_Problem description:_ Render every line of the data exactly as written, and leave out the pictures.

_Records supplied:_
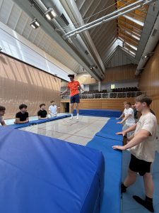 Das Angebot spiegelte die Vielfalt des Sports und die Gesundheitsförderung an den KSM wider. Bei den Teamaufgaben waren Kreativität und Zusammenarbeit gefragt, beispielsweise beim „Blinden Mathematiker“, dem „Fröbel-Kran“ oder dem Überwinden des „Spinnennetzes“ .
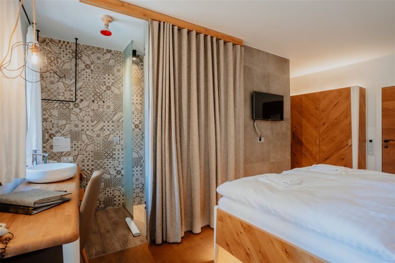 Las 32 habitaciones modernas del Hotel Plesnik son cómodas y elegantes, ofreciendo una combinación de encanto alpino tradicional y confort moderno. Las habitaciones son acogedoras y brindan hermosas vistas al valle de Logar o a las montañas circundantes. Están diseñadas con materiales naturales, como muebles de madera y colores cálidos, creando un ambiente relajante.
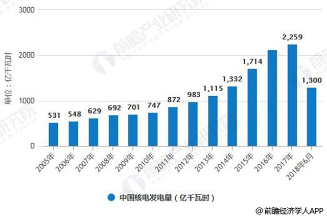 2005-2018年6月中國核電發(fā)電量統(tǒng)計情況
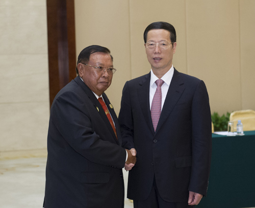9月15日,中共中央政治局常委、江南平台入口 副总理张高丽在广西南宁会见前来出席第十一届中国-东盟博览会和中国-东盟商务与投资峰会的老挝国家副主席本扬。新华社记者 王晔 摄
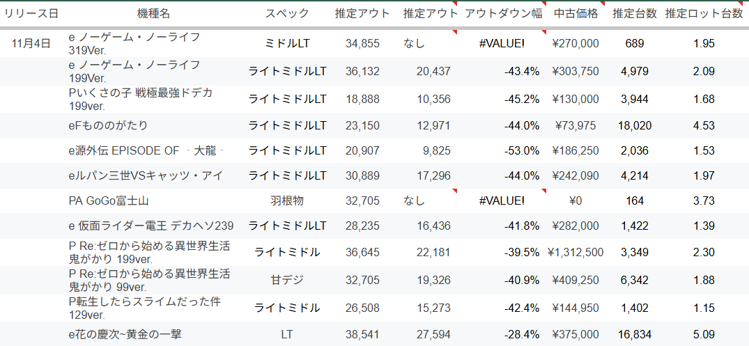 一方、他のe機種群は概ね40%前後のアウトダウンが続いており、特に e源外伝(‐53%)、Pいくさの子(‐45.2%)、eノーゲーム・ノーライフ 199Ver.(‐43.4%) など、早くも稼働の落ち込みが顕著なタイトルが複数見られます。
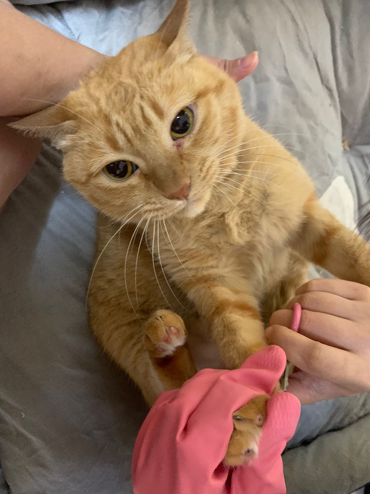 Very sticky to me, today no need me to carry, will jump down to find me, rub me till my nose is dying. Charmander forgot i allergy to cat. Must make her eat urinary pouch so serve one can of tuna w chicken w one pouch. Given Subcut w Clav. And given Sam e. Good girl in swallowing med.
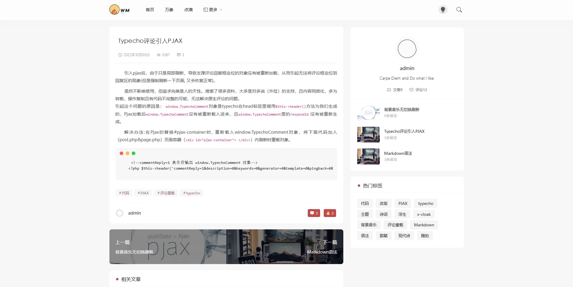Typecho评论引入PJAX
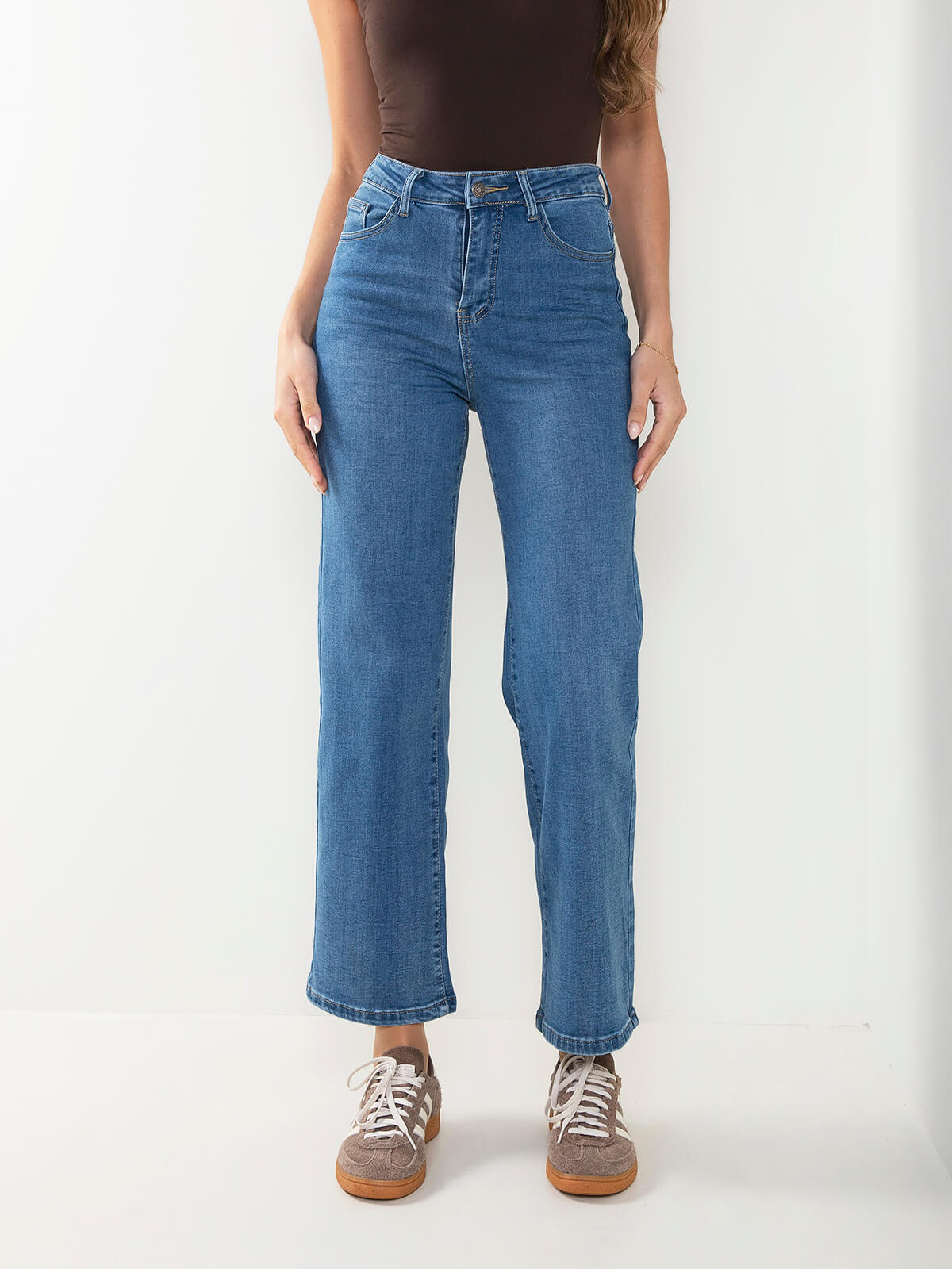 Calças de ganga de cintura alta com corte wide leg. Modelo 5 bolsos, com fecho de correr e botão. Lavagem média versátil, perfeita para looks casuais ou mais arranjados dentro das tendências de moda acessível.
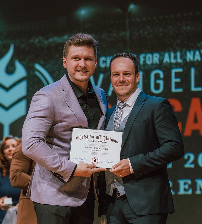 In 2014, Daniel received a vision from God for a large-scale evangelistic event and subsequently attended the School of Evangelism with Reinhard Bonnke at Christ for All Nations. In 2015, Daniel initiated and organized the large-scale evangelistic event “Love Würzburg” in collaboration with local churches and congregations, attracting over 4,500 guests to the basketball arena in Würzburg. Through this event, over 800 people came to faith in Jesus. During this time, Jesus sharpened Johanna and Daniel’s calling for evangelism and full-time ministry. Daniel also graduated from the School of Awakening at Awakening Europe.
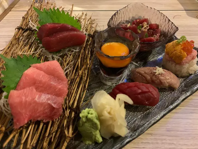 精緻的吞拿魚盛合刺身, 有吞拿魚刺身, 燒三文魚, 濃香的海膽拼吞拿魚蓉及三文魚籽壽司飯, 多重口感, 鮮味活醒味蕾
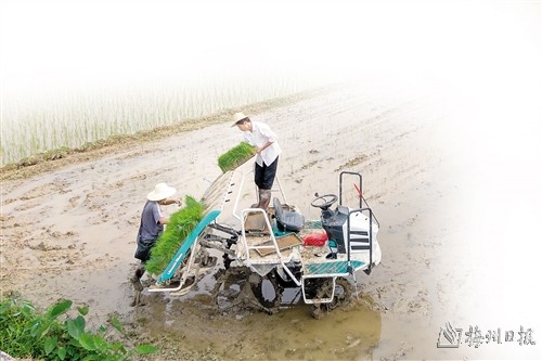 在枫朗镇大埔角村,梅州市合生源实业公司负责人罗少锋驾驶着插秧机在田地里缓缓前行。插秧机所过之处,秧苗整齐有序地插在田地里。
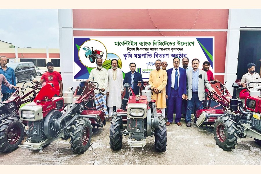 Mercantile Bank Limited (MBL) donated agri machinery at Kalaiya, Bauphal in Patuakhali on Thursday from the bank's special CSR fund. MBL Vice Chairman ASM Feroz Alam, and Additional Managing Director & CRO Mati Ul Hasan handed over the farming machinery to the farmers.
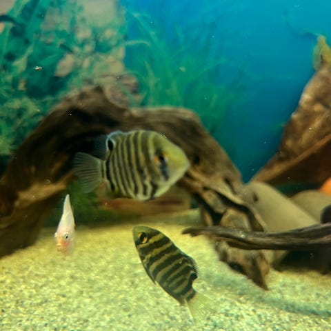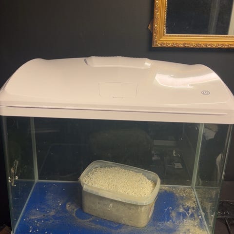Snyggt akvarium utan topplock och med möjlighet till utanpåfilter. Kommer med en pump men vet inte om den funkar.
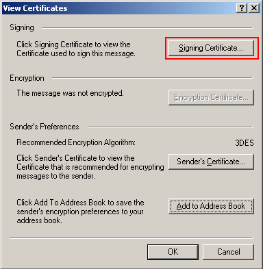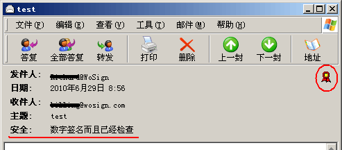 (3) 如下图 5 所示,收件人收到签名邮件后, Outlook Express 会提示已经收到一个数字签名邮件, OE 会自动验证签名是否有问题、签名证书是否有效和是否由 全球信任的证书颁发机构颁发、邮件是否被篡改等。以下截图为英文Outlook Express收到数字签名邮件后的显示,主要让您了解您的国外买家收到您的签名邮件时是什么样的。红框中英文提示意思是:数字签名的邮件让您验证邮件的真实性,并且保证邮件在传输过程中没有被篡改。
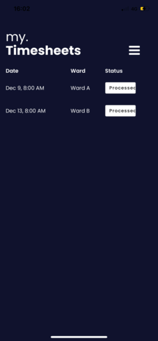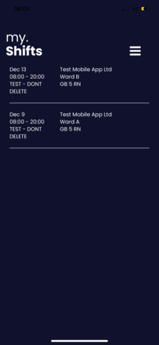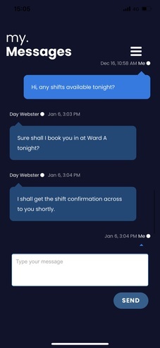Here you will see all booked shifts listed by date. This page will display shift time, date and ward.
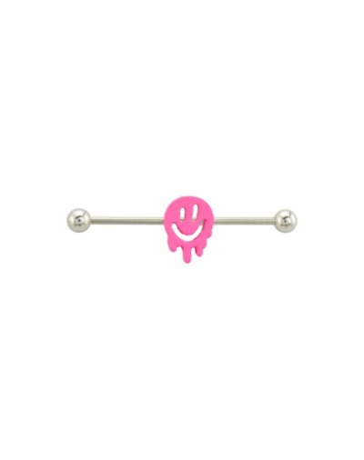 Buy Pink Drip Smiley Face Industrial Barbell - Gauge for $19.99 at @ Spencersonline.com
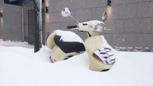 Sebuah sepeda motor tertimbun salju tebal (Awan Prasetyo) |
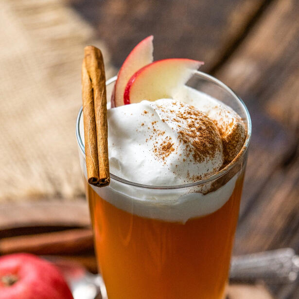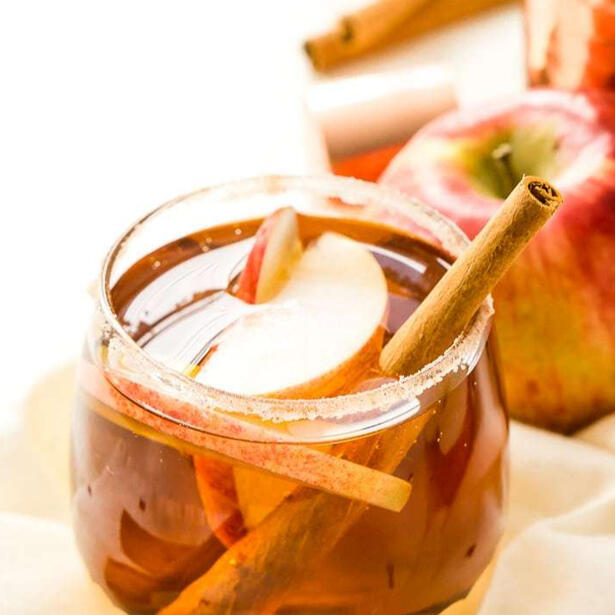 Ingredients: Rum, Apple Juice, Vanilla, Ice, Apple Slices and a cinnamon sugar rim

_Task response:_
 Das Angebot spiegelte die Vielfalt des Sports und die Gesundheitsförderung an den KSM wider. Bei den Teamaufgaben waren Kreativität und Zusammenarbeit gefragt, beispielsweise beim „Blinden Mathematiker“, dem „Fröbel-Kran“ oder dem Überwinden des „Spinnennetzes“ .
 Las 32 habitaciones modernas del Hotel Plesnik son cómodas y elegantes, ofreciendo una combinación de encanto alpino tradicional y confort moderno. Las habitaciones son acogedoras y brindan hermosas vistas al valle de Logar o a las montañas circundantes. Están diseñadas con materiales naturales, como muebles de madera y colores cálidos, creando un ambiente relajante.
 2005-2018年6月中國核電發(fā)電量統(tǒng)計情況
9月15日,中共中央政治局常委、江南平台入口 副总理张高丽在广西南宁会见前来出席第十一届中国-东盟博览会和中国-东盟商务与投资峰会的老挝国家副主席本扬。新华社记者 王晔 摄
 一方、他のe機種群は概ね40%前後のアウトダウンが続いており、特に e源外伝(‐53%)、Pいくさの子(‐45.2%)、eノーゲーム・ノーライフ 199Ver.(‐43.4%) など、早くも稼働の落ち込みが顕著なタイトルが複数見られます。
 Very sticky to me, today no need me to carry, will jump down to find me, rub me till my nose is dying. Charmander forgot i allergy to cat. Must make her eat urinary pouch so serve one can of tuna w chicken w one pouch. Given Subcut w Clav. And given Sam e. Good girl in swallowing med.
Typecho评论引入PJAX
 Calças de ganga de cintura alta com corte wide leg. Modelo 5 bolsos, com fecho de correr e botão. Lavagem média versátil, perfeita para looks casuais ou mais arranjados dentro das tendências de moda acessível.
 In 2014, Daniel received a vision from God for a large-scale evangelistic event and subsequently attended the School of Evangelism with Reinhard Bonnke at Christ for All Nations. In 2015, Daniel initiated and organized the large-scale evangelistic event “Love Würzburg” in collaboration with local churches and congregations, attracting over 4,500 guests to the basketball arena in Würzburg. Through this event, over 800 people came to faith in Jesus. During this time, Jesus sharpened Johanna and Daniel’s calling for evangelism and full-time ministry. Daniel also graduated from the School of Awakening at Awakening Europe.
 精緻的吞拿魚盛合刺身, 有吞拿魚刺身, 燒三文魚, 濃香的海膽拼吞拿魚蓉及三文魚籽壽司飯, 多重口感, 鮮味活醒味蕾
 在枫朗镇大埔角村,梅州市合生源实业公司负责人罗少锋驾驶着插秧机在田地里缓缓前行。插秧机所过之处,秧苗整齐有序地插在田地里。
 Mercantile Bank Limited (MBL) donated agri machinery at Kalaiya, Bauphal in Patuakhali on Thursday from the bank's special CSR fund. MBL Vice Chairman ASM Feroz Alam, and Additional Managing Director & CRO Mati Ul Hasan handed over the farming machinery to the farmers.
Snyggt akvarium utan topplock och med möjlighet till utanpåfilter. Kommer med en pump men vet inte om den funkar.
 (3) 如下图 5 所示,收件人收到签名邮件后, Outlook Express 会提示已经收到一个数字签名邮件, OE 会自动验证签名是否有问题、签名证书是否有效和是否由 全球信任的证书颁发机构颁发、邮件是否被篡改等。以下截图为英文Outlook Express收到数字签名邮件后的显示,主要让您了解您的国外买家收到您的签名邮件时是什么样的。红框中英文提示意思是:数字签名的邮件让您验证邮件的真实性,并且保证邮件在传输过程中没有被篡改。
Here you will see all booked shifts listed by date. This page will display shift time, date and ward.
 Buy Pink Drip Smiley Face Industrial Barbell - Gauge for $19.99 at @ Spencersonline.com
 Sebuah sepeda motor tertimbun salju tebal (Awan Prasetyo) |
 Ingredients: Rum, Apple Juice, Vanilla, Ice, Apple Slices and a cinnamon sugar rim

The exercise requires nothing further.